- German: Rendezvous mit dem Tod: Warum John F. Kennedy sterben musste
- Written by: Wilfried Huismann, Gus Russo
- Directed by: Wilfried Huismann
- Music by: Claudius Bruese
- Country of origin: Germany
- Original languages: Spanish, German, English

Production
- Producers: Heribert Blondiau Wilfried Huismann Gus Russo
- Cinematography: Tobias Baader Reinhard Gossmann
- Editors: Olaf Strecker Nicole Kortlüke
- Running time: 88 minutes
- Production company: WDR

Original release
- Network: Das Erste
- Release: 6 January 2006

= Rendezvous with Death =

Rendezvous with Death (Rendezvous mit dem Tod: Warum John F. Kennedy sterben musste) is a 2006 German documentary film that claims that G2, a secret service organization of the Cuban government, organized the assassination of U.S. President John F. Kennedy.

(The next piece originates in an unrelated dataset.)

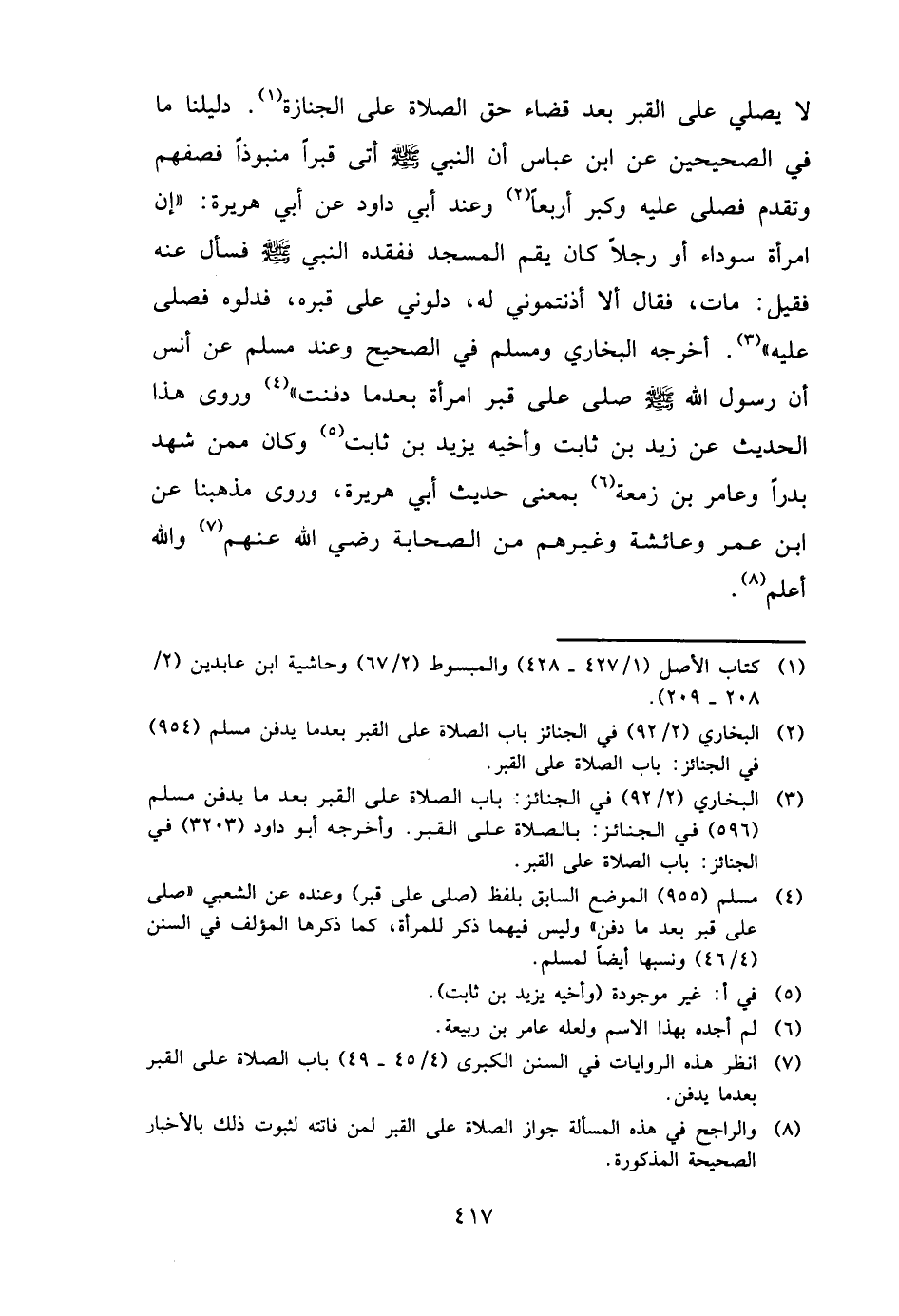 لَا يُصَلِّي على الْقَبْر بعد قَضَاء حق الصَّلَاة على الْجِنَازَة. دليلنا مَا فِي الصَّحِيحَيْنِ عَن ابْن عَبَّاس أَن النَّبِي - صَلَّى اللَّهُ عَلَيْهِ وَسَلَّم َ - أَتَى قبرا مَنْبُوذًا فصفهم وَتقدم فصلى عَلَيْهِ وَكبر أَرْبعا وَعند أبي دَاوُد عَن أبي هُرَيْرَة: " إِن امْرَأَة سَوْدَاء أَو رجلا كَانَ يقم الْمَسْجِد فَفَقدهُ النَّبِي - صَلَّى اللَّهُ عَلَيْهِ وَسَلَّم َ - فَسَأَلَ عَنهُ فَقيل: مَاتَ، فَقَالَ أَلا أذنتموني لَهُ، دلوني على قَبره، فدلوه فصلى عَلَيْهِ ". أخرجه البُخَارِيّ وَمُسلم فِي الصَّحِيح وَعند مُسلم عَن أنس أَن رَسُول الله - صَلَّى اللَّهُ عَلَيْهِ وَسَلَّم َ - صلى على قبر امْرَأَة بَعْدَمَا دفنت " وروى هَذَا الحَدِيث عَن زيد بن ثَابت وأخيه يزِيد بن ثَابت وَكَانَ مِمَّن شهد بَدْرًا وعامر بن زَمعَة بِمَعْنى حَدِيث أبي هُرَيْرَة، وروى مَذْهَبنَا عَن ابْن عمر وَعَائِشَة وَغَيرهم من الصَّحَابَة رَضِي الله عَنْهُم وَالله أعلم.

The film was first broadcast on German television station Das Erste on 6 January 2006. It was directed by Wilfried Huismann.

== Synopsis ==
Rendezvous with Death features interviews with four Cuban former secret service agents and an American FBI agent, and also cites documents from KGB and Mexican government archives.

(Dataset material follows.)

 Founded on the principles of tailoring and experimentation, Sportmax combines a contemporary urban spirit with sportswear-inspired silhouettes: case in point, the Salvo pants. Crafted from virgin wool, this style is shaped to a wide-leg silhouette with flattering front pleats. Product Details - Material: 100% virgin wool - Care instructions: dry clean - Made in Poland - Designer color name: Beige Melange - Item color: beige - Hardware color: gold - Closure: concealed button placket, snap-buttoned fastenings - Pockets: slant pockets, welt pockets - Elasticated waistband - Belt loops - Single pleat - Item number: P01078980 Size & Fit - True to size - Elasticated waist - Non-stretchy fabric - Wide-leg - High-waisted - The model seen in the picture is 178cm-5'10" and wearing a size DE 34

A possible Cuban connection was investigated by the US immediately after Kennedy's death. But an FBI officer sent to follow the Oswald's trail during a visit to Mexico was recalled after only three days and the investigation called off. Laurence Keenan, now 81, said it was "perhaps the worst investigation the FBI was ever involved in". "I realised that I was used. I felt ashamed. We missed a moment in history," Mr Keenan said.

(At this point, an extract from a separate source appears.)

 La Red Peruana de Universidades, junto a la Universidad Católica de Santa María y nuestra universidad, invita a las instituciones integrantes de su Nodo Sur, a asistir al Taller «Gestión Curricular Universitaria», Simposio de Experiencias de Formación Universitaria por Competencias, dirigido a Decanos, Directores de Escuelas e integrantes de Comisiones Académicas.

Veteran US official Alexander Haig told the filmmaker that Kennedy's successor, Lyndon B. Johnson, believed Cuba was to blame and feared a pronounced swing to the right if the truth were known that would keep the Democrats out of power for a long time. Mr Haig - a US military adviser at the time and later a secretary of state - told the filmmakers Johnson said: "We must simply not allow the American people to believe Fidel Castro could have killed our president. [...] He [Johnson] was convinced Castro killed Kennedy and he took it to his grave."